Leading vacation rental platform Airbnb (ABNB -1.98%) has had quite the comeback this year. The company is up 32% since the start of 2023. Despite its impressive rally, however, the stock is still down 31% over the last year.

This growth stock has had anything but an easy go since its initial public offering in 2020. But despite the challenges it's faced and will likely continue facing in the near term, I believe Airbnb is still a screaming buy for long-term investors. Here's why.

What's going on with Airbnb

Airbnb's pricing woes were spurred by the pandemic. Investors became wary of the state of the travel industry during the coronavirus crisis, and in turn, took a pessimistic outlook on the company. That's understandable, as Airbnb directly serves the travel industry with its 6.6 million vacation rental listings across the globe.

However, Airbnb's latest fourth-quarter and full-year earnings report for 2022 put much of that concern to rest. The company reported a record year of growth with its first positive net income for a full year and the highest quarter for earnings before interest, taxes, depreciation, and amortization (EBITDA).

The stock slipped slightly this past week after a short report was published questioning the company's business model and long-term ability to compete in the marketplace. Some of the concerns are valid, and leave room for Airbnb to make some changes to its policies and rules. However, many of the concerns brought up in the report don't have much standing.

Looking at the bigger picture

A single quarter or year isn't what makes or breaks a company -- it's the company's long-term performance that really indicates if it's a winner or loser. I personally believe Airbnb is well positioned for growth.

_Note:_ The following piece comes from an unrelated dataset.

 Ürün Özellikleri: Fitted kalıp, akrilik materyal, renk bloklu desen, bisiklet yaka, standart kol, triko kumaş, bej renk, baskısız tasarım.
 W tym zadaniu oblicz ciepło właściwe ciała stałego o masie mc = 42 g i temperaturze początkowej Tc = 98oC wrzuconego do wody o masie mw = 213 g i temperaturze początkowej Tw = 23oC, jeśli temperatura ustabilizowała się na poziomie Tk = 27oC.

Airbnb has already become synonymous with vacation rentals. It currently holds the title of being the world's largest listing platform, making it the No. 1 resource for travelers looking to book a short-term or long-term stay. That's not a position it will give up easily.

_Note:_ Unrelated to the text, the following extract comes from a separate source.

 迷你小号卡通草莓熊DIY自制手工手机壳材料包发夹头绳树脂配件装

Vacation rentals are quickly becoming the go-to accommodation, with occupancy levels and rates exceeding hotels in 2022. Yet it's nowhere near market saturation. Ebbs and flows of vacation rental demand will dictate where new listings are introduced, giving the company long-term drivers for growth within the travel industry.

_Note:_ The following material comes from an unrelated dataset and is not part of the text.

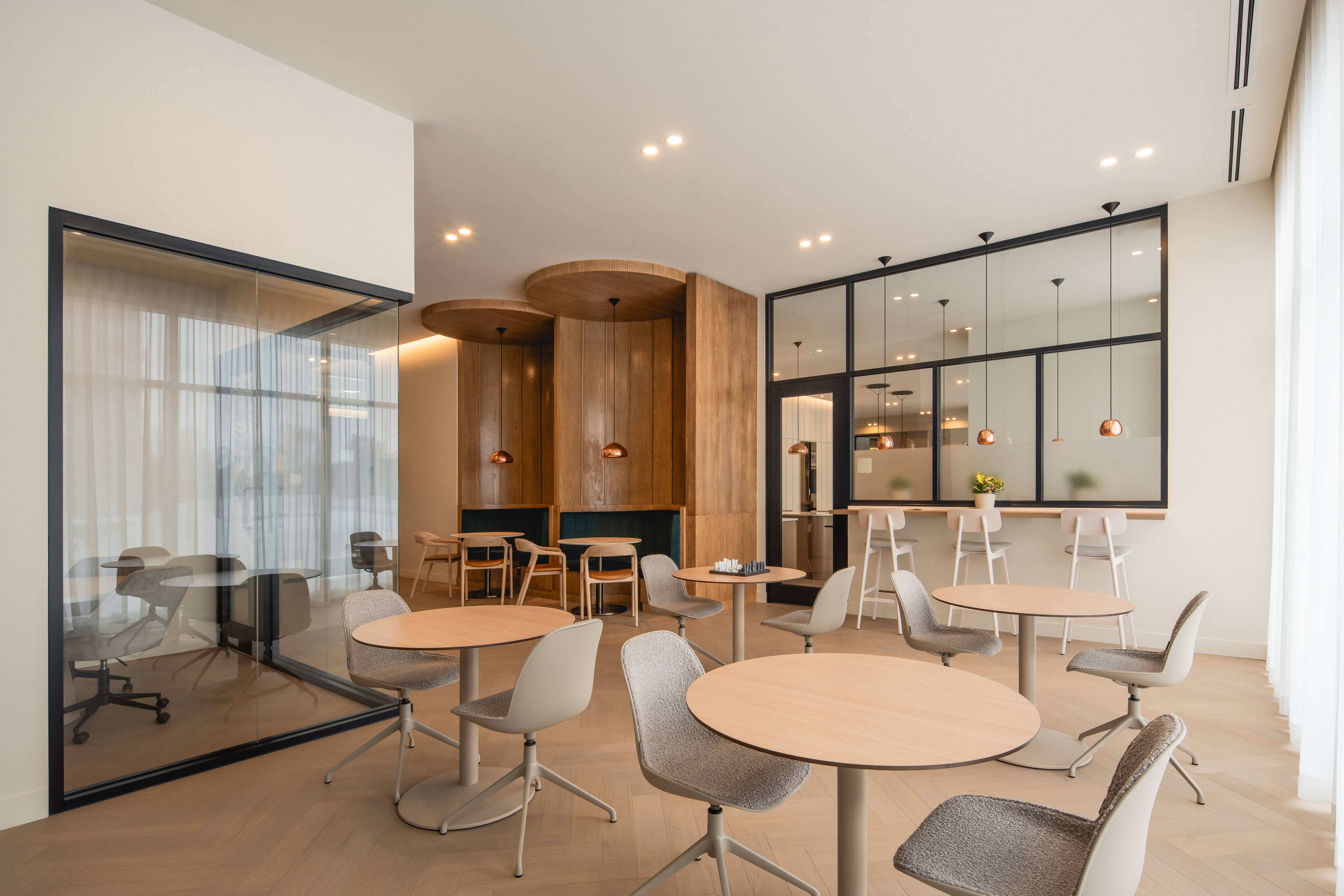 Le pavillon commun est aussi doté d’un centre d’affaires à la fine pointe avec un espace de télétravail, une salle de réception-conférence, un lounge avec foyer, un bar à café et une table de billard, des terrasses invitantes avec BBQ adjacent à la piscine, un salon de lecture avec un vaste assortiment de livres Taschen ainsi qu’une salle dédiée à des soins et des massages.

I definitely see room for improvement in how the company addresses offline bookings, its cleaning, and its hosting policies to reduce "nightmare" guest or host experiences. But I predict its revenue and sales will continue an upward trajectory, particularly in 2023. Travel spending in February 2023 exceeded travel spending for that same month in 2019 and 2022, meaning the first quarter of 2023 should be a strong one for Airbnb.

ABNB PE Ratio Chart

ABNB PE Ratio data by YCharts

Airbnb's price-to-earnings ratio is around 40 times at the time of this writing, which does indicate the company is richly valued. However, it's a slightly lower valuation than its closest competitor, Expedia, which owns the vacation rental company VRBO. And isn't an unreasonable valuation compared to other profitable tech companies that disrupted their industries.